Question #539

Let 1210AB be a six-digit number with two digits (A and B) being unknown. Assume that the number shown is a multiple of both 9 and 11. Use the divisibility test for 9 to find the least positive residue of A + B (mod 9). Similarly, use the divisibility test for 11 to find the least positive residue of A – B (mod 11).
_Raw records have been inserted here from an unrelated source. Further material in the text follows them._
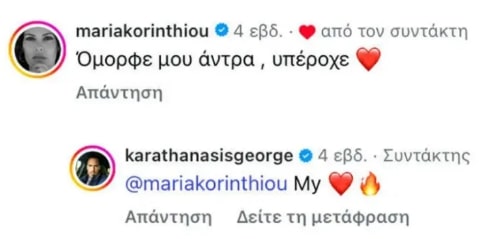 Ένα τρυφερό δημόσιο σχόλιο στον νέο της σύντροφο, Γιώργο Καραθανάση, είχε κάνει η Μαρία Κορινθίου, λίγο πριν επιβεβαιώσει δημόσια τη σχέση τους.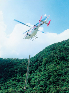 用直升飛機(jī)運(yùn)送塔料,以保證工程進(jìn)度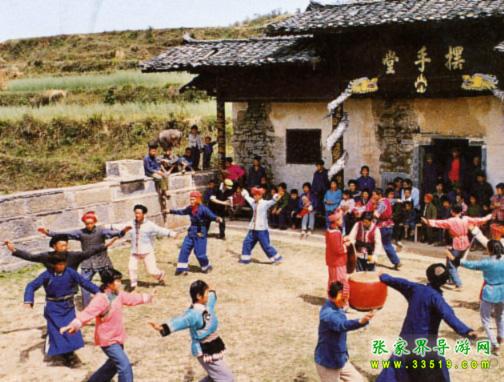 “茅古斯與擺手舞”是土家族紀(jì)念祖先開拓荒野、捕魚狩獵等創(chuàng)世業(yè)績(jī)的一種原始戲劇形式,被中外的戲劇界稱為是人類戲劇文化的“活化石”,茅古斯是土家族最古老的舞蹈,也是傳授狩獵技藝的民間武術(shù),體現(xiàn)土家族先民的生活情態(tài)。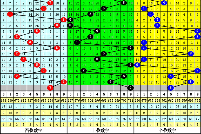 3、在以上0-9号码频次中,号码奇偶比为39:34,大小比为45:28,本期预计百位开出大号,参考号码7。
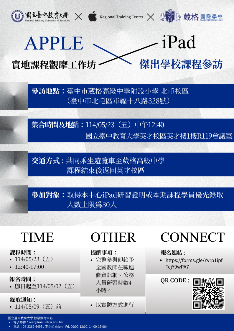 (四)參加對象:高級中等以下學校,且取得本中心iPad課程研習證明或本期課程學員優先錄取,人數上限為30人。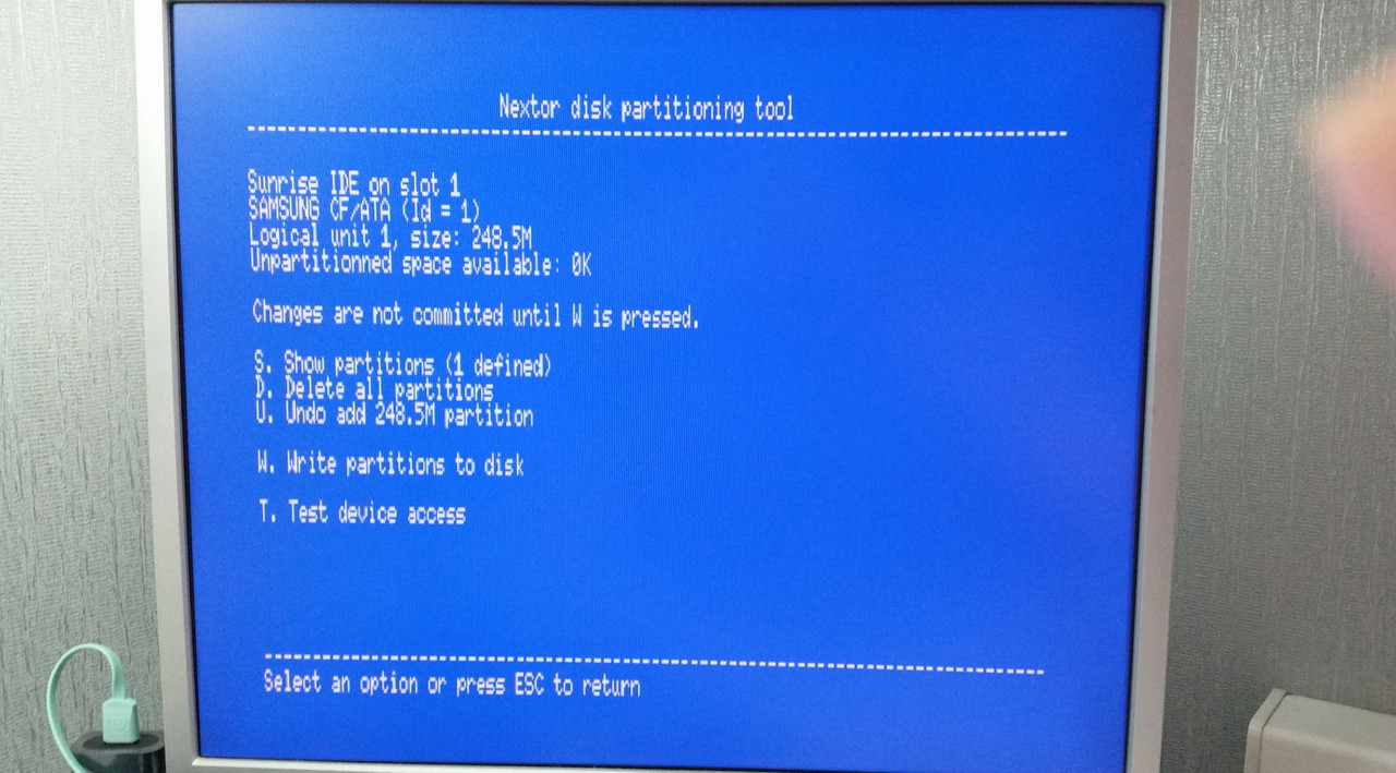Вставляем CF-карту в мультконтроллер. Включаем MSX.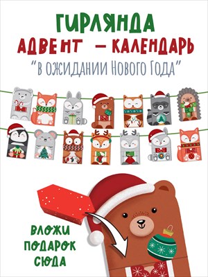 Гирлянда на нити 300см Адвент-календарь В ожидании Нового Года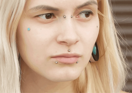 - Anti-eyebrow — пирсинг под глазом по дуге скулы, часто с маленьким шариком.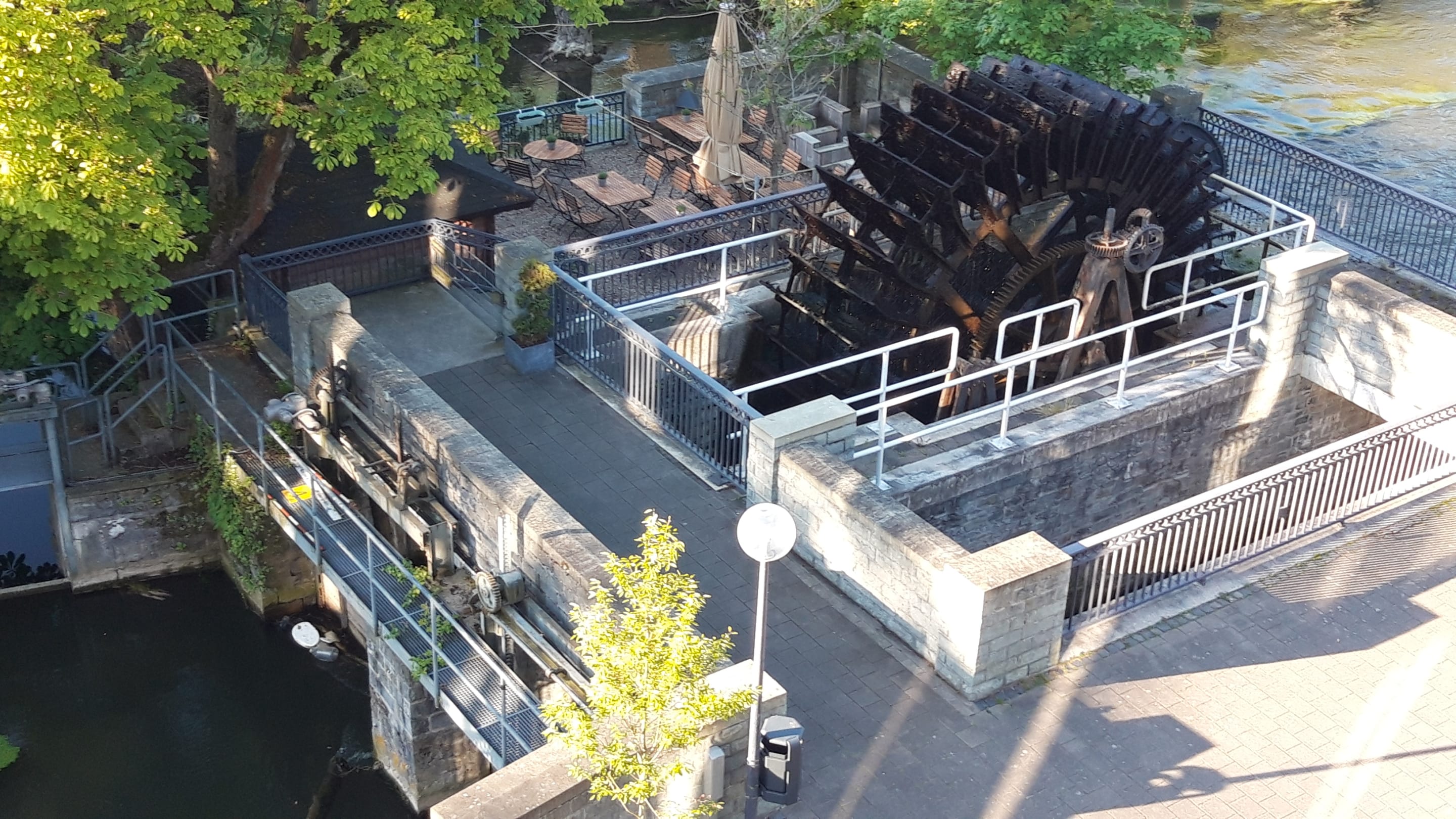 Blick von der Terrasse auf den Biergarten morgens

Use these results to find the values of A and B that will make 1210AB a multiple of 99. Hint: A + B must be between 0 and 18, and A – B must be between –9 and 9.

Expert's answer

This number is a multiple of 11 => 1+1+A = (2+0+B) mod 11 => 1+1+A = 11k +2+0+B (k is any integer) => A-B = 11k. (A-B) must be between -9 and 9 => A-B = 0 => A = B. This number is a multiple of 9 => 1+2+1+0+A+B = 9k (k is any integer) => A+B = 9k - 4. A + B must be between 0 and 18 =>

1) A + B = 5 => 2A = 5 =>A=B = 2,5 (it's impossible, because A and B must be integer)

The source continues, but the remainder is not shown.